LE STORIE DI MANUEL Letto 2092

Imparare dal mandorlo


Foto © Acri In Rete



Imparare dal mandorlo, una pianta che a guardarla per la maggiore dei mesi dell’anno sembra non dirci nulla, anzi forse è pure più brutto degli altri alberi. Ha la corteccia secca e ruvida, rami esigui e storti per non parlare delle foglioline che mette su: insignificanti e smagrite che fanno quasi tenerezza.
Poi però arriva febbraio ed il mandorlo denudato, improvvisamente quando nessuno se lo aspetta, fiorisce mentre la natura attorno a se, dorme ancora il sonno dell’inverno. Difatti esso è tra i primi alberi in assoluto a vestirsi di fiori e ad annunciare la primavera, sebbene ancora le giornate siano fredde e la neve imbianchi i campi.

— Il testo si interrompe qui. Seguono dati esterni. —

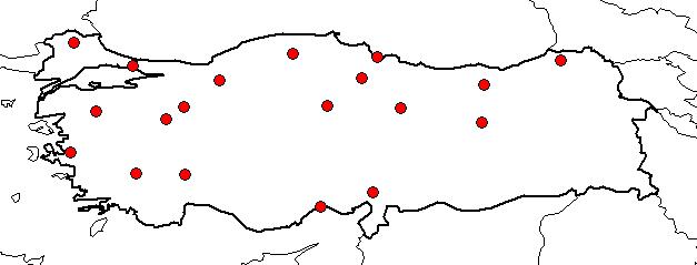 | Based on Vilayets: | OSMANİYE, BOLU, İSTANBUL, KASTAMONU, AMASYA, ARTVİN, BALIKESİR, DENİZLİ, ESKİŞEHİR, GÜMÜŞHANE, ISPARTA, İÇEL, İZMİR, KIRKLARELİ, KÜTAHYA, SAMSUN, SİVAS, TUNCELİ, YOZGAT|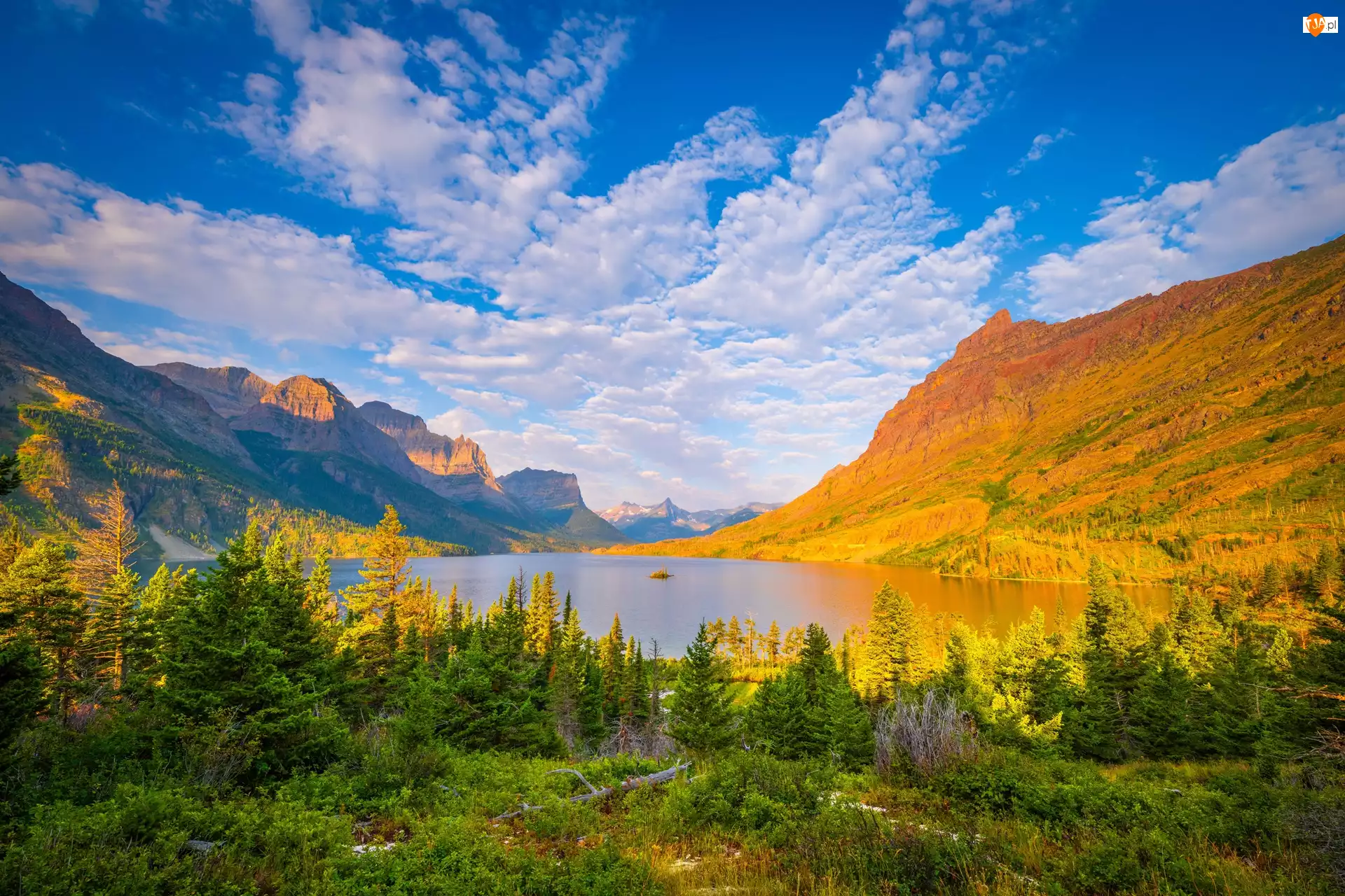 Saint Mary Lake, Jezioro, Park Narodowy Glacier, S

È una vera e propria esplosione di bellezza la fioritura del mandorlo! Mette su in pochi giorni dei fiorellini rosa con sfumature che vanno dal bianco al violaceo, lasciandosi ammirare come fece il brutto anatroccolo della favola di Andersen che una volta adulto, si trasformò in un cigno meraviglioso che sbalordì coloro che fino ad allora lo avevano esiliato per il suo essere per l’appunto tutt’altro che un campione di bellezza.

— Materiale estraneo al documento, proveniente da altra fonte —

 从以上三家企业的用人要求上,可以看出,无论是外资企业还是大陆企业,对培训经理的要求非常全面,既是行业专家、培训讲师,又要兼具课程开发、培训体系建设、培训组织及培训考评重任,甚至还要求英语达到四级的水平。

La bellezza del mandorlo tuttavia però è assai effimera. Già ad aprile in realtà torna ad essere il silenzioso ed apparentemente albero di sempre, come se avesse vergogna per il suo aspetto tristo e arido.
Tante volte lo vedi solitario su colline dove attorno non ha altri alberi e sembra che perfino gli uccelli evitino di fare il nido su esso. Ecco che però in estate, quando tutti hanno dimenticato la sua elegante fioritura, Dio gli concede una seconda piccola rivincita.
Infatti regala all’uomo un frutto chiuso in un guscio legnoso e riservato come solo lui è, ma eppure dal cuore gustoso e dolce se viene da una buona pianta.
Questo a significare che a volte l’apparenza inganna e che tanti di noi, proprio come l’albero del mandorlo, si costruiscono una corazza probabilmente per proteggere la propria fragilità assieme alle emozioni ed i sentimenti per paura che possano essere scalfiti. Una corazza che “i mandorli umani” lasciano per l’appunto cadere esclusivamente quando qualche persona che si avvicina a loro, riesce con delicatezza a superare i pregiudizi.
Solo allora generosamente regalano a questi pochi eletti, le loro fioriture di un febbraio eterno assieme ai propri frutti di bontà che vengono direttamente dal cuore. Il mandorlo potremmo dire che insegna proprio questo in fondo; ad andare oltre ciò che riusciamo a vedere negli orizzonti dei nostri punti di vista, per accorgerci che certe volte non tutto è come pensiamo che sia.